I cannot believe it’s already March… but in hopes of not sounding like a broken record on the first of every month, that’s all I’ll say on that subject.
Since its a new month, its time to see how I did on the goals for last month and set some new ones for this one! March is a big month for me because its the month of my half marathon, but first…
1. Continue to following my training plan, building up to a 10 mile run and continuing with speed training. Check! I only missed one or two weekly runs, and none of the long runs or the speed training. I also went from 7 miles to 10 miles on the long run!
2. Continue to stretch after every run for injury prevention. I’m happy to report that this now feels like it’s become a habit and I don’t even think about NOT stretching. So weird for me considering it was SO hard at the beginning to get myself to do it!
3. Try to do The Shred each week on Mondays or Thursdays. FAIL. I only did The Shred once during the whole month… I have to be more consistent about strength training because I know it will only make me a better runner.

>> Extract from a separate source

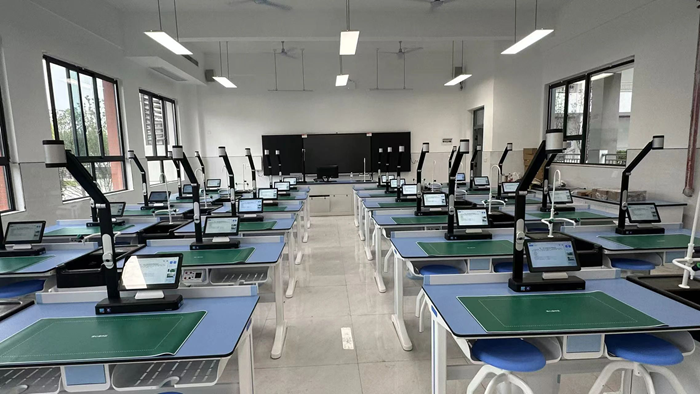 為匹配學校綜合發展的教學需求,齊魯宏博為其打造理化生考評實驗室,將實驗操作與AI相融合。形成了“AI+”的特色教學及考評模式,為學生綜合發展提供了堅實基礎。

4. Go back to Bikram at least once. I did this one!
5. Get down to 168. Yes! I weighed in at 167.8! I didn’t weigh in last week but am going this week so hopefully it’ll be the same or lower.

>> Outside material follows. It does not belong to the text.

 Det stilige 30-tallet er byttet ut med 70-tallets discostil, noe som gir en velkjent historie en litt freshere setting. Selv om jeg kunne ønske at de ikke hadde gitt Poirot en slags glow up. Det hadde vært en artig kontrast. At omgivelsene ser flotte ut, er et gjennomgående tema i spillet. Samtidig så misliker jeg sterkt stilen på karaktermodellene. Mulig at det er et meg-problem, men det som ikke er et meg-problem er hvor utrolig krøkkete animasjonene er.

6. Keep up with menu planning. I’ve done pretty good with this one! New meals included Tempeh Tacos, Skillet Souffle, and Peanut Sauce with Summer Rolls.

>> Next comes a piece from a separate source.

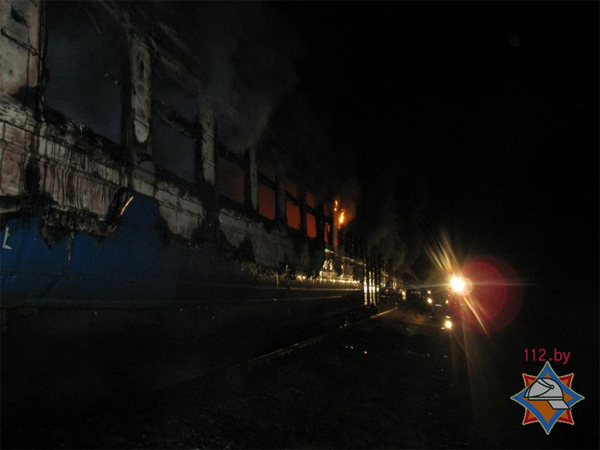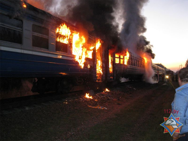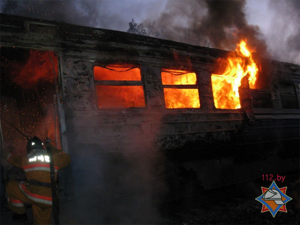 Как сообщил БелаПАН пресс-секретарь Гомельского областного управления МЧС Руслан Габрилев, звонок о пожаре поступил от машиниста поезда примерно в 17.00 26 октября. На место ЧП — перегон Бринево — Старушки — отправились шесть автоцистерн. На месте выяснилось, что огнем полностью охвачен третий вагон и горит обшивка второго.

7. Read another book. Check – I read Service Included.
8. Focus on going to bed earlier. Fail. I’ve been staying up until midnight still during the week and it makes getting up in the morning a lot less fun than it could be.
9. Cash Only Spending Policy. I didn’t do this, BUT, I did come up with a great system that works for me. I opened a second checking account that I’m using strictly for spending money, and every Monday I’m transferring in $150 to use for the week. This includes groceries, gas, drinks/dinner/happy hours. All my bills are coming out of the other account, and this system seems to be working really well so far.
So all in all, I did pretty well with my goals but definitely have some areas for improvement. I’m especially proud of being so dedicated to my training plan and keeping up with the speed work and long runs. I’m also proud that it feels like I’ve made stretching into a habit rather than a reach goal like it was before.
For (a hopefully) Marvelous March:
1. Kill the half marathon on March 26th!! My goal is to PR in the half, which should be doable based on my current pace with long runs and the training.
2. Follow my half marathon training plan, continuing to focus on speed work and long runs!
3. Focus on strength training at least once a week, hopefully twice. I’m going to count The Shred, free weights, and/or Bikram all as strength training.
4. Post one new step-by-step recipe on here each week.
5. Stick to under $75 per week in groceries and post the shopping trip goods on here to show how to eat well on a budget! You can see the first trip that I posted yesterday here.
6. Get below 166 pounds – even 165.8 will be great. I weighed in at 166 in January 2010, and haven’t seen the weight since. I think it stuck for all of 30 seconds. Getting to 165 will be my lowest weight of all time, and put me under 6 pounds from my goal weight.
7. Start researching marathon training plans to get excited about the full marathon at the end of October. We’ll see if this one works.
So those are pretty lofty goals but I think taking things one at a time will really help. I’m actually getting super excited about the half marathon and am looking forward to crushing my time in my first (2:16:18).
How was February for you? Any big plans for March?